** EXERCISE MATERIAL **
::::
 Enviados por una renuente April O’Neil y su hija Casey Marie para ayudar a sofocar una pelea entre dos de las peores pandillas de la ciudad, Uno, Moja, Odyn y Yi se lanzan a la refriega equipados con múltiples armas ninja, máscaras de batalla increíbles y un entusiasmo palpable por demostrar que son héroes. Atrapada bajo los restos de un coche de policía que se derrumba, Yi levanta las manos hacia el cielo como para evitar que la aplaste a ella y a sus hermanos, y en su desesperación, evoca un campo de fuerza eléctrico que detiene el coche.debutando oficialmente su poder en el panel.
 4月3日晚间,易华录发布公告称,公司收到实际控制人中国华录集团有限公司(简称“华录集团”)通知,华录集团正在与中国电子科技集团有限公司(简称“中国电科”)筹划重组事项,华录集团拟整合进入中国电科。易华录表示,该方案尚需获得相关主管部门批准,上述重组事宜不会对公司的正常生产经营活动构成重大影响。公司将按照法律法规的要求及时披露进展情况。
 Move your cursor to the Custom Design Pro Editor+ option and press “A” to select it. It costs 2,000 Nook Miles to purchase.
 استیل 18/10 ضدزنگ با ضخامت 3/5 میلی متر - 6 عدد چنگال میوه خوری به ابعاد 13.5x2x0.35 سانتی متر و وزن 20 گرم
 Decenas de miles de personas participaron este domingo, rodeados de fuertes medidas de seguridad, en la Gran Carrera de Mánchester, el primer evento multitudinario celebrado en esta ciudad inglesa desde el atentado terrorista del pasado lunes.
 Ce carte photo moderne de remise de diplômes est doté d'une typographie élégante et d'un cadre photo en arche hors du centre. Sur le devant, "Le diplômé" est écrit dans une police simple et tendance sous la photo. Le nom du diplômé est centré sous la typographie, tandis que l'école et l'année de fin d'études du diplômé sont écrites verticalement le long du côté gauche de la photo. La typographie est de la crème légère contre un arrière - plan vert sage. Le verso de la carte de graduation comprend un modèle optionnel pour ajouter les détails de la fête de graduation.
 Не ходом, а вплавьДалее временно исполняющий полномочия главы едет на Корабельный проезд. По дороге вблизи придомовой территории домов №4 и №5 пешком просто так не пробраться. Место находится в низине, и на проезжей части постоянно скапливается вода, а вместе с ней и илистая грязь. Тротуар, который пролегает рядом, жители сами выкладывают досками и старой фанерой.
::::
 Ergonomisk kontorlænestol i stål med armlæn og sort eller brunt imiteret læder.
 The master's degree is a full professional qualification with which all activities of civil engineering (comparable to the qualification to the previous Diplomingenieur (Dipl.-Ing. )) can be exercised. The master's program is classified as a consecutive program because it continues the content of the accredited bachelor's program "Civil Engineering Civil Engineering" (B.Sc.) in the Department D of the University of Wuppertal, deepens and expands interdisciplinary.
::::
** YOUR INSTRUCTIONS **
Look back at the entries above and repeat, unchanged, every line from the line holding "4月3日晚间,易华录发布公告" through the line holding "Не ходом, а".

** ANSWER TO THE EXERCISE **
 4月3日晚间,易华录发布公告称,公司收到实际控制人中国华录集团有限公司(简称“华录集团”)通知,华录集团正在与中国电子科技集团有限公司(简称“中国电科”)筹划重组事项,华录集团拟整合进入中国电科。易华录表示,该方案尚需获得相关主管部门批准,上述重组事宜不会对公司的正常生产经营活动构成重大影响。公司将按照法律法规的要求及时披露进展情况。
 Move your cursor to the Custom Design Pro Editor+ option and press “A” to select it. It costs 2,000 Nook Miles to purchase.
 استیل 18/10 ضدزنگ با ضخامت 3/5 میلی متر - 6 عدد چنگال میوه خوری به ابعاد 13.5x2x0.35 سانتی متر و وزن 20 گرم
 Decenas de miles de personas participaron este domingo, rodeados de fuertes medidas de seguridad, en la Gran Carrera de Mánchester, el primer evento multitudinario celebrado en esta ciudad inglesa desde el atentado terrorista del pasado lunes.
 Ce carte photo moderne de remise de diplômes est doté d'une typographie élégante et d'un cadre photo en arche hors du centre. Sur le devant, "Le diplômé" est écrit dans une police simple et tendance sous la photo. Le nom du diplômé est centré sous la typographie, tandis que l'école et l'année de fin d'études du diplômé sont écrites verticalement le long du côté gauche de la photo. La typographie est de la crème légère contre un arrière - plan vert sage. Le verso de la carte de graduation comprend un modèle optionnel pour ajouter les détails de la fête de graduation.
 Не ходом, а вплавьДалее временно исполняющий полномочия главы едет на Корабельный проезд. По дороге вблизи придомовой территории домов №4 и №5 пешком просто так не пробраться. Место находится в низине, и на проезжей части постоянно скапливается вода, а вместе с ней и илистая грязь. Тротуар, который пролегает рядом, жители сами выкладывают досками и старой фанерой.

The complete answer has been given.